» **TRY IT**: Go through the material and copy every line in which "this" appears.

» **GIVEN DATA**:
——————————
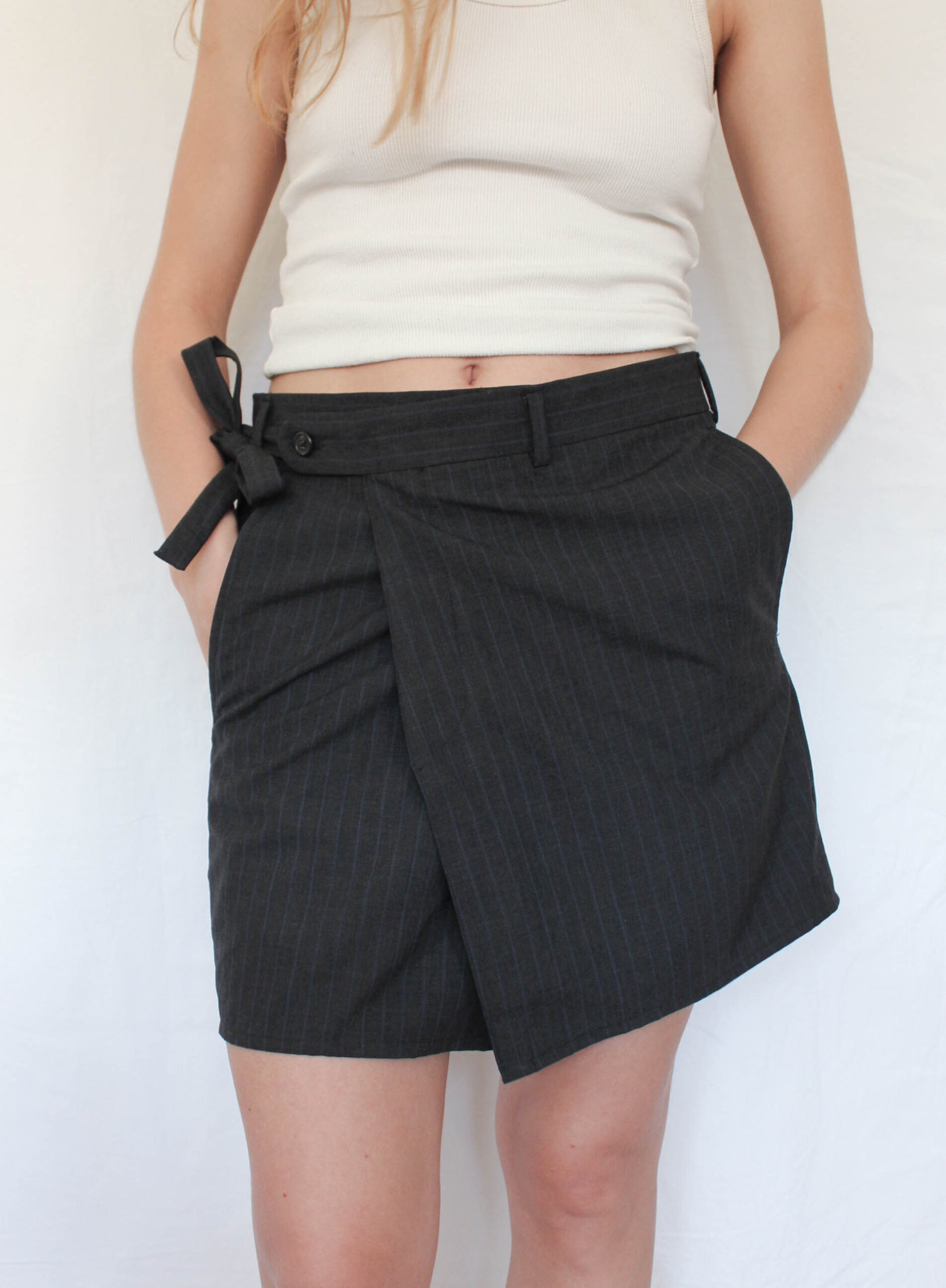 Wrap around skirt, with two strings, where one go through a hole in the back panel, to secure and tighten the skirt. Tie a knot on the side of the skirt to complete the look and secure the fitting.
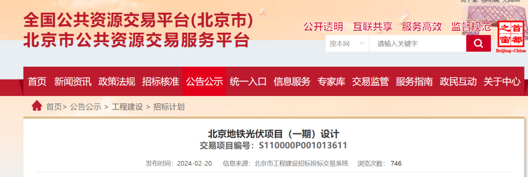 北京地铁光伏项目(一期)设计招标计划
——————————
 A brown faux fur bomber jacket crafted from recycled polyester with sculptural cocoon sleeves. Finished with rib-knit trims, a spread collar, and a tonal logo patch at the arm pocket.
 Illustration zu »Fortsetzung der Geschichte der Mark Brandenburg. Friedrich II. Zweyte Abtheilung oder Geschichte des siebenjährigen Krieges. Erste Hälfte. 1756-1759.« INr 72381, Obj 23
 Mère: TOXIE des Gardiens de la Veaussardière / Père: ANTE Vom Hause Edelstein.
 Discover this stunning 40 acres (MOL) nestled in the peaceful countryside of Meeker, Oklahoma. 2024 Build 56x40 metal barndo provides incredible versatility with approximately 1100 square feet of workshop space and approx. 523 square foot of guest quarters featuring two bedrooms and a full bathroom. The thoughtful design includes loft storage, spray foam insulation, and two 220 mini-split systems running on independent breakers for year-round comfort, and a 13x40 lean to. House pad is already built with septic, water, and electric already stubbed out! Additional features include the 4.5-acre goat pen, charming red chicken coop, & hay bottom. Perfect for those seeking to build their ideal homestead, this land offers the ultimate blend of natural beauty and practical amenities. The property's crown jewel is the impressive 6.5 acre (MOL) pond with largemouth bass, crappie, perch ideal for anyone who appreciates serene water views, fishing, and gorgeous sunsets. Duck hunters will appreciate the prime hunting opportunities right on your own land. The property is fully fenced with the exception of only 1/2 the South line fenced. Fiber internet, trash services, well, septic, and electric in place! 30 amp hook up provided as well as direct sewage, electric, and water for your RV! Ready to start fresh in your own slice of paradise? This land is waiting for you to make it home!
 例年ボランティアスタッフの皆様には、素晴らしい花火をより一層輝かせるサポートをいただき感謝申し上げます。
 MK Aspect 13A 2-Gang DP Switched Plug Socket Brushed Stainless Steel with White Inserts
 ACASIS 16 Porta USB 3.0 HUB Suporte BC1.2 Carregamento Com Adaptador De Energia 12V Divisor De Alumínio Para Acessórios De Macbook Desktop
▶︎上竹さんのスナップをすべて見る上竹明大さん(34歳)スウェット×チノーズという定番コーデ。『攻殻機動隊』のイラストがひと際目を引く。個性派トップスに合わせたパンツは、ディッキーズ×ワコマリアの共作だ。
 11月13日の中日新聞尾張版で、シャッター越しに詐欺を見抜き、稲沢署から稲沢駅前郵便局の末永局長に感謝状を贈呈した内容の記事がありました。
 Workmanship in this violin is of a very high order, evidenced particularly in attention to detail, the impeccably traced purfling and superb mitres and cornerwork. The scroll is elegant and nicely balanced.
——————————
» **EXERCISE RESULT**:
 Discover this stunning 40 acres (MOL) nestled in the peaceful countryside of Meeker, Oklahoma. 2024 Build 56x40 metal barndo provides incredible versatility with approximately 1100 square feet of workshop space and approx. 523 square foot of guest quarters featuring two bedrooms and a full bathroom. The thoughtful design includes loft storage, spray foam insulation, and two 220 mini-split systems running on independent breakers for year-round comfort, and a 13x40 lean to. House pad is already built with septic, water, and electric already stubbed out! Additional features include the 4.5-acre goat pen, charming red chicken coop, & hay bottom. Perfect for those seeking to build their ideal homestead, this land offers the ultimate blend of natural beauty and practical amenities. The property's crown jewel is the impressive 6.5 acre (MOL) pond with largemouth bass, crappie, perch ideal for anyone who appreciates serene water views, fishing, and gorgeous sunsets. Duck hunters will appreciate the prime hunting opportunities right on your own land. The property is fully fenced with the exception of only 1/2 the South line fenced. Fiber internet, trash services, well, septic, and electric in place! 30 amp hook up provided as well as direct sewage, electric, and water for your RV! Ready to start fresh in your own slice of paradise? This land is waiting for you to make it home!
 Workmanship in this violin is of a very high order, evidenced particularly in attention to detail, the impeccably traced purfling and superb mitres and cornerwork. The scroll is elegant and nicely balanced.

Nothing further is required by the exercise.